The records =>

==================================================

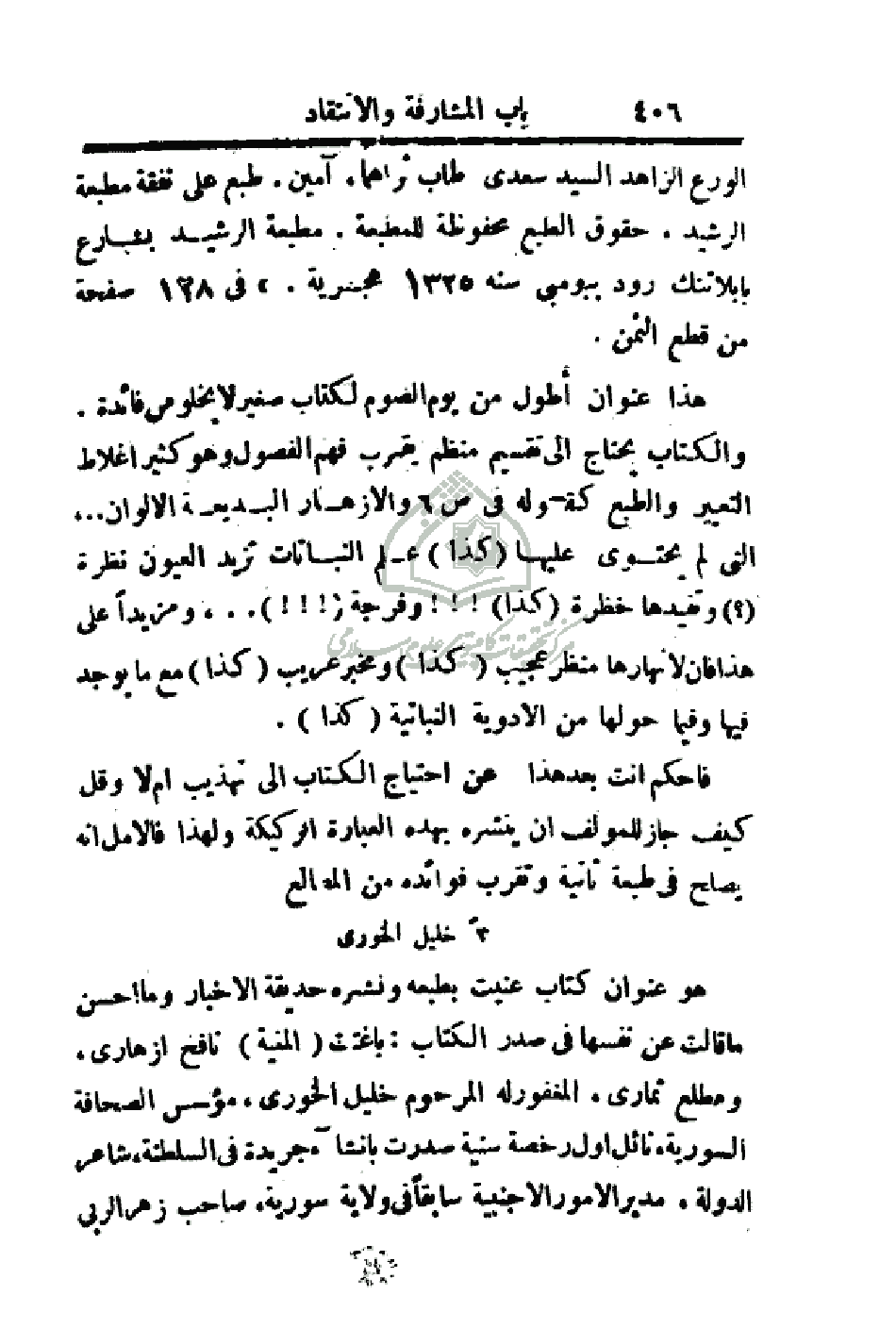 بهذه العبارة الركيكة ولهذا فالأمل انه يصلح في طبعة ثانية وتقرب فوائده من المطالع.
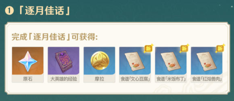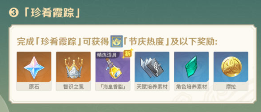 合计奖励:12本蓝色天赋书、420原石、32本大英雄经验书、72W摩拉、32块魔晶矿↓
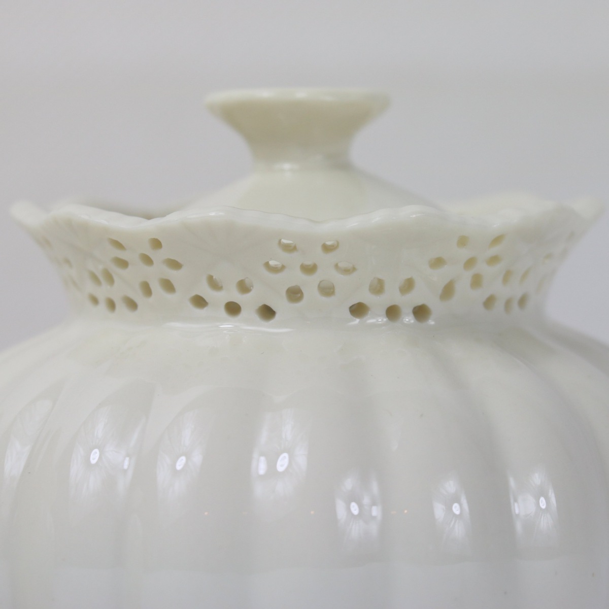 Creamware Geschirr hat eine lange Tradition in England. Charakteristisch sind die gerippten bauchigen Formen, die dezent verzierten Henkel und der durchbrochene Rand. Die Farbe ist wärmer als reinweiß und harmoniert mit fast jedem anderen Geschirr.
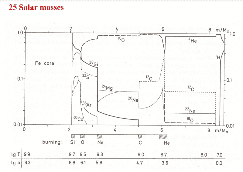 As the title indicates, this figure represents a 25-solar-mass star. I believe it describes the shell structure of the star at the end of its evolution (because of the iron core). However, I'm a little unsure how to read this graph exactly. Especially, I'm having trouble understanding what the y-axis describes? So the x-axis indicates the inner mass m(r) from zero to about 8 solar masses. I believe this makes me able to tell that the inner core from 0-2 solar masses contains iron, the next part gets a little messy. Does it describe that the next layer is a mixture of Ca, Ar, S, and Si and then the y-axis represents the fraction of these elements at the given layer?The next figure is this table:
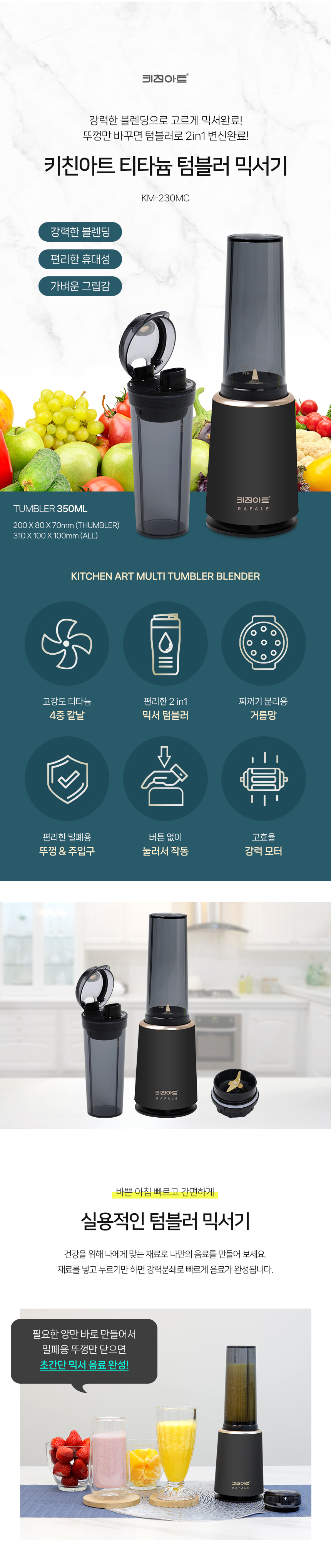 키친아트 텀블러 믹서기 KM-230MC 티타늄 칼날
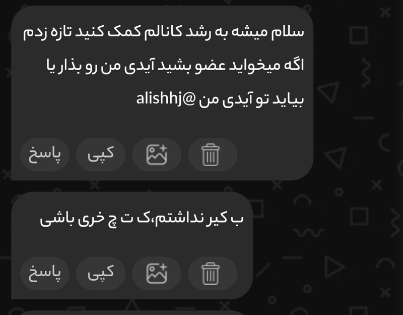 خب وقتی محدودی چجوری میخوای بری به مدیر چنل بگی😂😔ایدیتو بده من بهش میدم میگم بهت پیم بده 😂
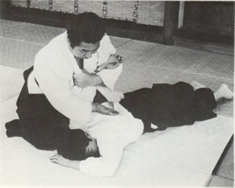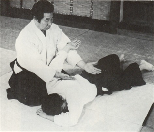 Une fois que vous avez bloqué votre partenaire au sol, pliez son bras de façon circulaire et mettez votre genoux dans son cou. "En collant son coude sur votre abdomen, tournez vos hanches vers la tête de l'adversaire"" (Kuden) En faisant ainsi vous agissez sur les articulations du coude et de l'épaule de votre adversaire. Si il essaye de relever sa tête, saisissez son col et contrez le.
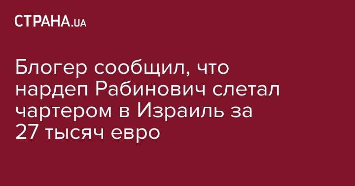 Блогер сообщил, что нардеп Рабинович слетал чартером в Израиль за 27 тысяч евро
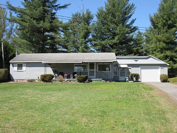 Move right in to this furnished home located in Mooers NY just a few miles from the Canadian border. Home has been seasonal but would work as a year round home as well. Two bedrooms, one full bath, covered front porch, enclosed breezeway to attached one-car garage. Most furnishings included, along with appliances, tools, lawn mower and other lawn care items. Original part of home is a single wide home with additions over the years that added master bedroom, larger living room, and enclosed breezeway. New septic in 2013, new chimney/furnace in 2010, and other updates.
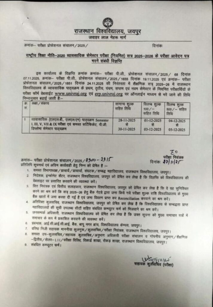 राजस्थान विश्वविद्यालय, जयपुर ने सत्र 2025–26 के Professional Courses (व्यावसायिक पाठ्यक्रमों) की परीक्षा आवेदन तिथि को बढ़ा दिया है। अब छात्र 05 दिसंबर 2025 तक सामान्य शुल्क, 100 रुपये विलम्ब शुल्क या 500 रुपये अतिरिक्त विलम्ब शुल्क के साथ अपना ऑनलाइन परीक्षा फॉर्म भर सकते हैं।
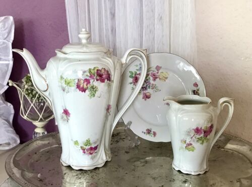 Antik Jugendstil Porzellan Kaffeekern Kanne Sahnegießer & 1 Teller

==================================================

Instructions for the task => Pictures stay out. Print the data exactly, from its first line through the line containing "키친아트 텀블러 믹서기 KM-230MC 티타늄 칼날".

Written response =>
 بهذه العبارة الركيكة ولهذا فالأمل انه يصلح في طبعة ثانية وتقرب فوائده من المطالع.
 合计奖励:12本蓝色天赋书、420原石、32本大英雄经验书、72W摩拉、32块魔晶矿↓
 Creamware Geschirr hat eine lange Tradition in England. Charakteristisch sind die gerippten bauchigen Formen, die dezent verzierten Henkel und der durchbrochene Rand. Die Farbe ist wärmer als reinweiß und harmoniert mit fast jedem anderen Geschirr.
 As the title indicates, this figure represents a 25-solar-mass star. I believe it describes the shell structure of the star at the end of its evolution (because of the iron core). However, I'm a little unsure how to read this graph exactly. Especially, I'm having trouble understanding what the y-axis describes? So the x-axis indicates the inner mass m(r) from zero to about 8 solar masses. I believe this makes me able to tell that the inner core from 0-2 solar masses contains iron, the next part gets a little messy. Does it describe that the next layer is a mixture of Ca, Ar, S, and Si and then the y-axis represents the fraction of these elements at the given layer?The next figure is this table:
 키친아트 텀블러 믹서기 KM-230MC 티타늄 칼날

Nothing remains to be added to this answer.